No time limit having been imposed by the judgment for the return of the shingles, the final question is whether the district court’s decision rested upon an erroneous view of the law. Louisiana courts have required in redhibition actions that the tender of goods be made within a reasonable time. See e.g., Beneficial Fin. Co. of New Orleans v. Bienemy, 244 So.2d 275, 281 (La.Ct.App.1971), overruled on other grounds by Travelers Ins. Co. v. Sonnier, 344 So.2d 73, 74-75 (La.Ct.App.1977); Breaux v. Winnebago Indus., Inc., 282 So.2d 763, 769 (La.Ct.App.1973); Star-wood v. Taylor, 434 So.2d 1236, 1238 (La.Ct.App.1983). Admittedly, those Louisiana cases address how, in claiming redhibition, an offer of tender of the defective goods must be made before pursuing the claim; therefore, they do not stand precisely for the point for which the district court cited them. Nevertheless, those cases do emphasize that Louisiana law does not contemplate retention of the defective goods for an extended period of time. And, although the Dissent at 518 is correct that the construction of federal judgments is a matter of federal law, it was not an abuse of discretion for the district court to consider Louisiana redhibition law persuasive.

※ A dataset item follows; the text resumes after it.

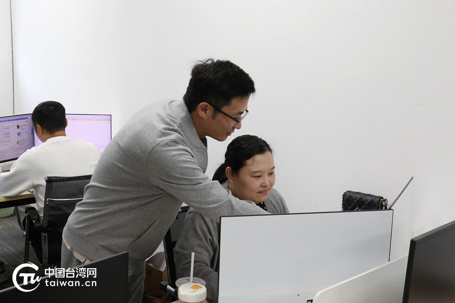 張博森與同事交流業務。(中國臺灣網 尹賽楠 攝)

The district court further relied upon, inter alia, In re Rains, 338 B.R. 99 (Bankr.E.D.Cal.2006). In Rains, a bankruptcy petitioner refused to comply with the bankruptcy plan’s directive that he request a withdrawal from his retirement plan. Id. at 102. Similar to the judgment at issue here, the bankruptcy plan (which has the same binding effect as a judgment) did not specify a time for performance, but the Rains court held that Federal Rule of Civil Procedure 70, which governs the performance of judgments, logically contains a reasonable time requirement. Id. at 103. The court therefore gave a trustee the power to withdraw the funds under Rule 70. Id.

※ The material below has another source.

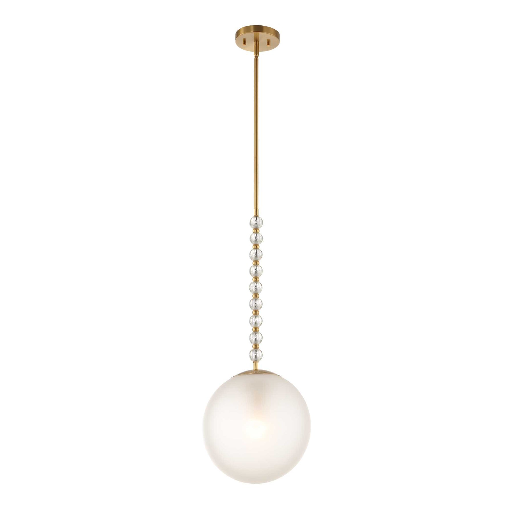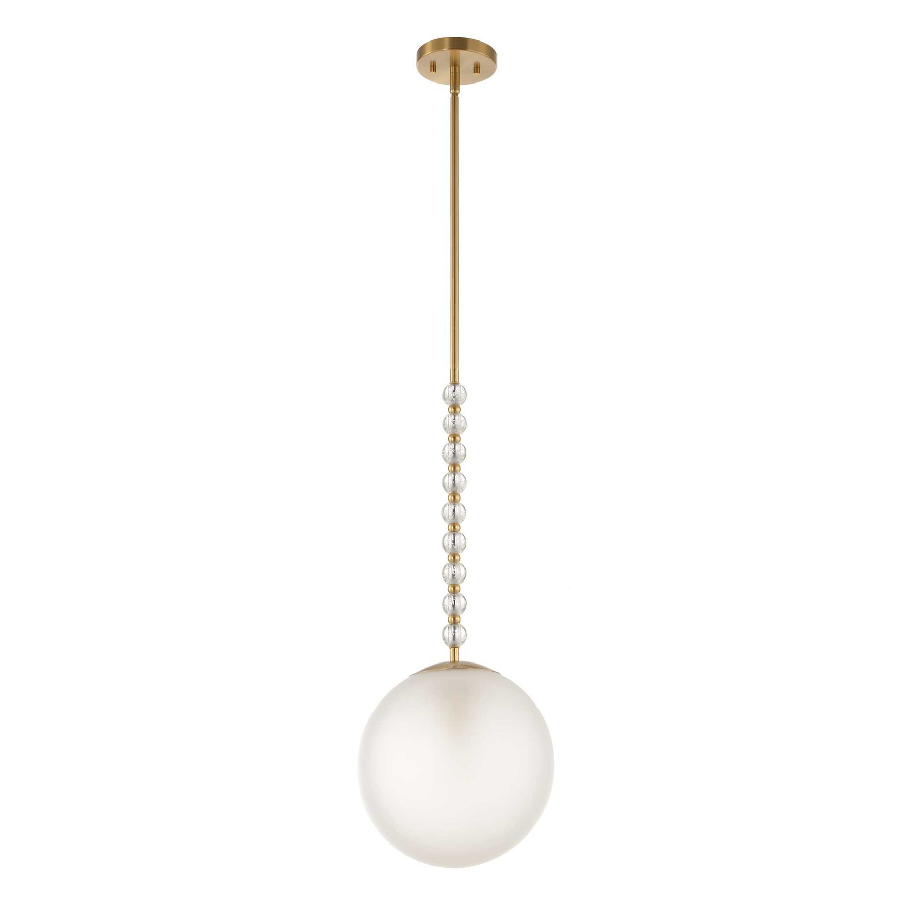This frosted glass pendant features a single light and is adorned with alternating clear glass and warm brass beads, creating a ripple effect that radiates outward.

Although we are considering a Rule 60(b)(6), not a Rule 70, motion, the reasoning is the same. Both rules concern the construction and effect of judgments. It was entirely proper for the district court to have imposed a reasonable-time requirement on a judgment for the equitable remedy of rescission in which Lindy was required to perform the specific act of re*515turning the shingles. (Contrary to the Dissent at 518, that “[t]he judgment did not, to use the language of Rule 70, ‘require[ ] [Lindy] ... to perform any ... specific act’”, the judgment did require Lindy to perform the specific act of tendering the siding should it wish to collect the money judgment.) Needless to say, under Rule 60(b)(6), the district court has broad equitable powers to address Lindy’s unreasonable delay. See Harrell, 951 F.2d at 1458 (noting Rule 60(b)(6) “is a grand reservoir of equitable power to do justice”).

III.

For the foregoing reasons, the judgment is AFFIRMED.

Pursuant to 5th Cir. R. 47.5, the court has determined that this opinion should not be published and is not precedent except under the limited circumstances set forth in 5th Cir. R. 47.5.4.